Fen nodded gravely. “Perhaps you had.”

“As you know,” said Humbleby, “I was in Military Intelligence during the 1914 war; and it was while I was investigating an unimaginative piece of sabotage at an arms depot near Loos that I first met Garstin·Walsh, who at that time was a Captain in the Supply Corps. It’d be an exaggeration to say that we became close friends—and looking back on it, I can’t quite see why we should have become friends at all, because our temperaments weren’t at all alike, and we had very few interests in common. Still, for some obscure reason we did in fact get on well together; and I think that much of his attraction for me must have been due to his complete humourlessness—we were all a bit hysterical in those days, whether we knew it or not, and a man who never laughed was unexpectedly
restful.”

“We used to meet, then, as often as we could; and after the Armistice we kept up a sporadic correspondence and managed some sort of reunion once or twice every year. Then eighteen months ago Garstin-Walsh retired and went to live at a village called Uscombe, which is a few miles from Exeter; and since I was staying with my sister at Exmouth, and hadn’t seen him for some considerable time, I decided, the day before yesterday, to drive over and pay him a surprise visit.
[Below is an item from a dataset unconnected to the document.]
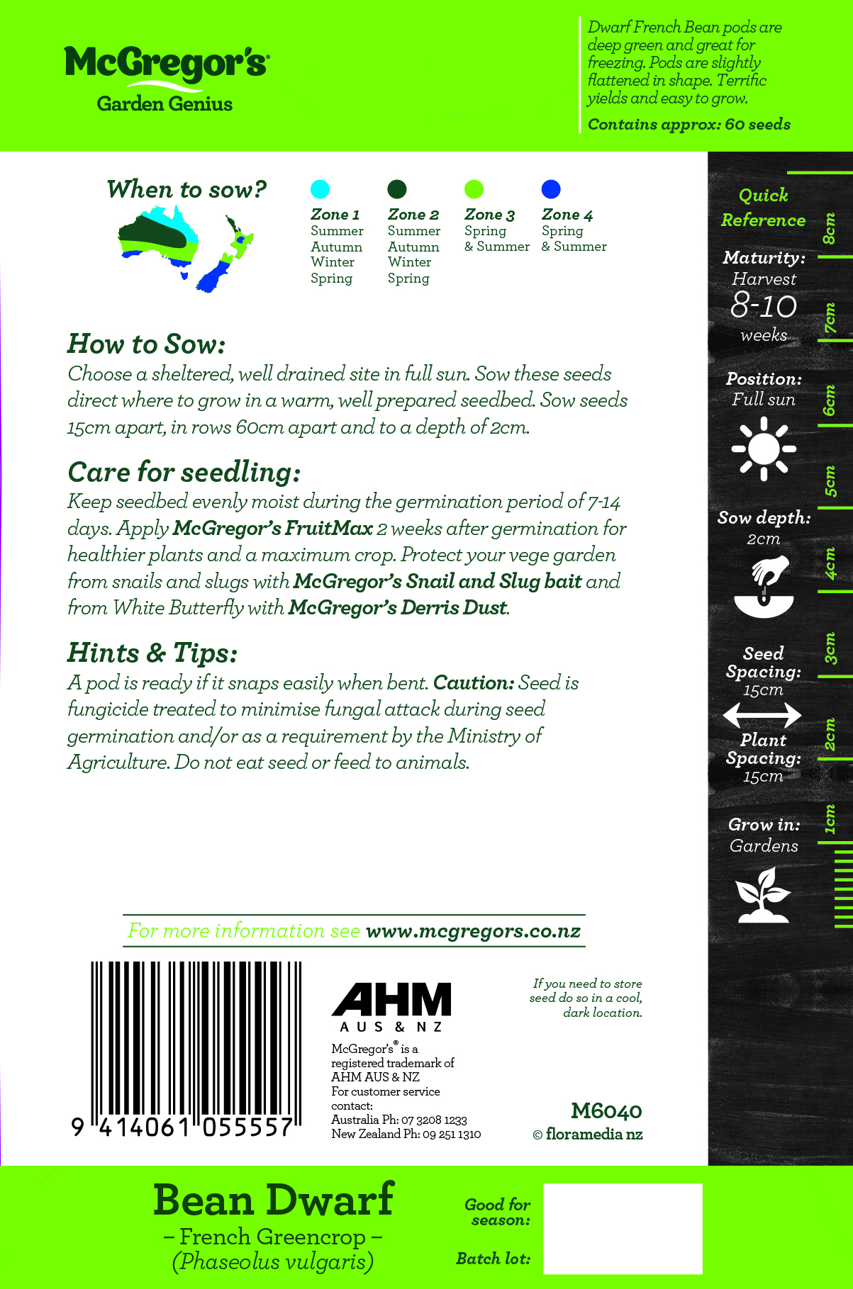 Fantastic crops of tender beans, virtually stringless. Dwarf French Bean pods are deep green and great for freezing. Pods are slightly flattened in shape. Terrific yields and easy to grow.Where to buy

“I left Exmouth immediately after breakfast and got to Uscombe about ten-thirty. Uscombe’s not as cut off from the rest of the world as some Devon villages, because it’s only a quarter of a mile from the main London road; but in all other respects it’s fairly typical—settled to some extent by middle-class ‘foreigners,’ I mean, with an unsuccessful preparatory boarding-school in a tumble-down manor-house, and a church tower scheduled dangerous; you know the sort of place. I hadn’t been there before, so I stopped at one of the village shops to enquire for Garstin-Walsh’s house. And the way they looked at me, as they gave me directions, was the first intimation I had that anything was wrong.
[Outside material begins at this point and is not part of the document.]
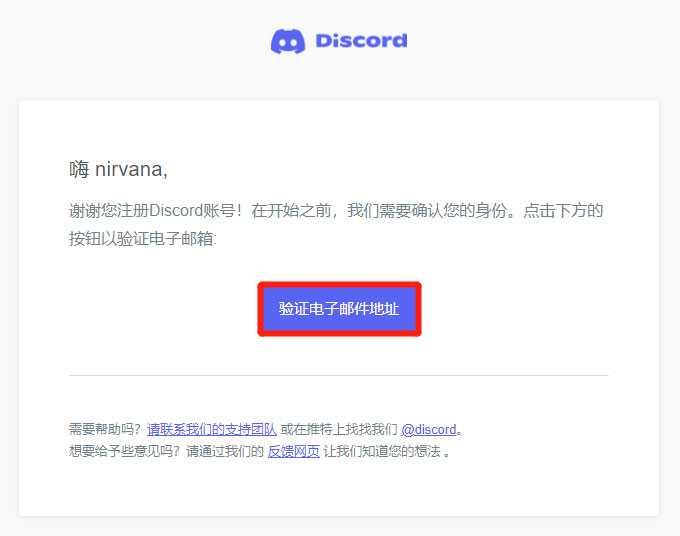 6. 进入你的邮箱,你会收到一份来自Discord的[验证邮件]

“The house proved to be a nice, trim, up-to-date little red-brick villa beyond the church, with lots of chrysanthemums in the garden and a carefully weeded front lawn; so that was all right. But then the trouble started. The painters were in, for one thing; an Exeter C.I.D. Inspector was hanging about the hall, for another; and an undeniably dead body was in process of being removed by a mortuary van. I need hardly tell you that if I’d known about all this I should have gone back to Exmouth and tried again some other day; but by the time the situation became clear I’d rung, and been let in by the housekeeper, and so couldn’t very well escape without positive incivility.